After delving into the installation process, it becomes clear that to have a Linkerd service mesh operational and exploiting commonly desired capabilities, it’s easy to end up with at least a dozen services running. That said, more of them are supplied by Linkerd upon installation than with other service meshes.
Advantages:
Linkerd benefits from the experience of its creators, two ex-Twitter engineers who had worked on the internal tool, Finagle, and later learned from Linkerd v1. As one of the first service meshes, Linkerd has a thriving community (its Slack has more than 5,000 users, plus it has an active mailing list and Discord server) and an extensive set of documentation and tutorials. Linkerd is mature with its release of version 2.9, as evidenced by its adoption by big corporations like Nordstrom, eBay, Strava, Expedia, and Subspace. Paid, enterprise-grade support from Buoyant is available for Linkerd.
Drawbacks:
There’s a pretty strong learning curve to use Linkerd service meshes to their full potential. Linkerd is only supported within Kubernetes containers (i.e., there’s no VM-based, “universal” mode). The Linkerd sidecar proxy is not Envoy. While this does allow Buoyant to tune it as they see fit, it removes the inherent extensibility that Envoy offers. It also means Linkerd is missing support for circuit breaking, delay injection, and rate limiting. No particular API is exposed to control the Linkerd control plane easily. (You can find the gRPC API binding, though.)
Linkerd has made great progress since v1 in its usability and ease of installation. The lack of an officially exposed API is a notable omission. But thanks to otherwise well-thought-out documentation, out-of-the-box functionality in Linkerd is easy to test.
Our next service mesh contender, Consul Connect, is a unique hybrid. Consul from HashiCorp is better known for its key-value storage for distributed architectures, which has been around for many years. After the evolution of Consul into a complete suite of service tools, HashiCorp decided to build a service mesh on top of it: Consul Connect.
To be precise about its hybrid nature:
The Consul Connect data plane is based on Envoy, which is written in C++. The control plane of Consul Connect is written in Go. This is the part that is backed by Consul KV, a key-value store.
Like most of the other service meshes, Consul Connect works by injecting a sidecar proxy inside your application pod. In terms of architecture, Consul Connect is based around agents and servers. Out of the box, Consul Connect is meant to have high availability (HA) using three or five servers as a StatefulSet
specifying pod anti-affinity.
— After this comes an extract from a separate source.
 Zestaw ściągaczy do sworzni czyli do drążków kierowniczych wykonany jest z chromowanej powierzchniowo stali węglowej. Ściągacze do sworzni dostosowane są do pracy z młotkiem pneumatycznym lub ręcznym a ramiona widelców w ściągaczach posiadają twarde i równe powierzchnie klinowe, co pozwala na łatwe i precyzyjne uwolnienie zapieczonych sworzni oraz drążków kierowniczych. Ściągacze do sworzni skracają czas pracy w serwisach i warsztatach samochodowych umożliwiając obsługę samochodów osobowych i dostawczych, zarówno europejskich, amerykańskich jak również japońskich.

Pod anti-affinity is the practice of making sure pods of a distributed software system won’t end up on the same node (server), thereby guaranteeing availability in case any single node fails.
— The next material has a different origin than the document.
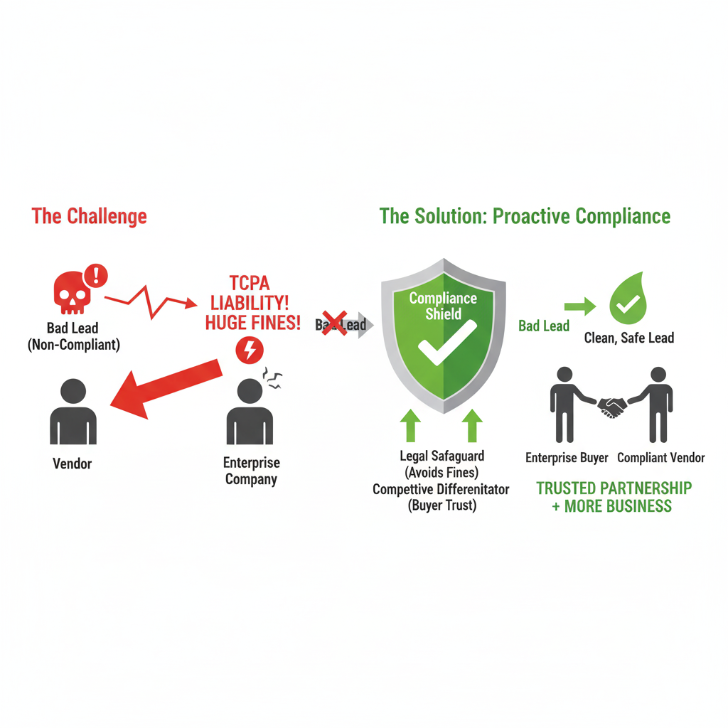 The challenge compounds when enterprises buy leads from vendors. Even if your systems are compliant, a single bad lead from a vendor exposes your company—not the vendor—to TCPA liability.

There’s not much that makes Consul Connect stand out in this area; it provides what any service mesh does (which is quite a bit), plus layer-seven features for path-based routing, traffic shifting, and load balancing.
As with the other service meshes, Consul Connect provides basic mTLS capabilities. It also features native integration between Consul and Vault (also by HashiCorp), which can be used as a CA provider to manage and sign certificates in a cluster.
Consul Connect takes the most common observability approach by incorporating Envoy as a sidecar proxy to provide layer-seven capabilities. Configuring the UI of Consul Connect to fetch metrics involves changing a built-in configuration file and also enabling a metric provider like Prometheus. It’s also possible to configure some Grafana dashboards to show relevant service-specific metrics.
Consul Connect is installed into a Kubernetes cluster using a Helm chart:
helm repo add hashicorp https://helm.releases.hashicorp.com
You will need to modify the default values.yaml
if you want to enable the UI or make the Consul Connect module inject its sidecar proxy:
helm install -f consul-values.yml hashicorp hashicorp/consul
To consult members and check the various nodes, Consul recommends exec
ing into one of the containers then using the CLI tool consul
.
To serve up the out-of-the-box web UI that Consul provides, run kubectl port-forward service/hashicorp-consul-ui 18500:80
.
Advantages:
Drawbacks:
Consul Connect can be a very good choice for those who seek an enterprise-grade product. HashiCorp is known for the quality of its products, and Consul Connect is no exception. I can see two strong advantages here compared to other service meshes: strong support from the company with the enterprise version and a tool ready for all kinds of architectures (not just Kubernetes).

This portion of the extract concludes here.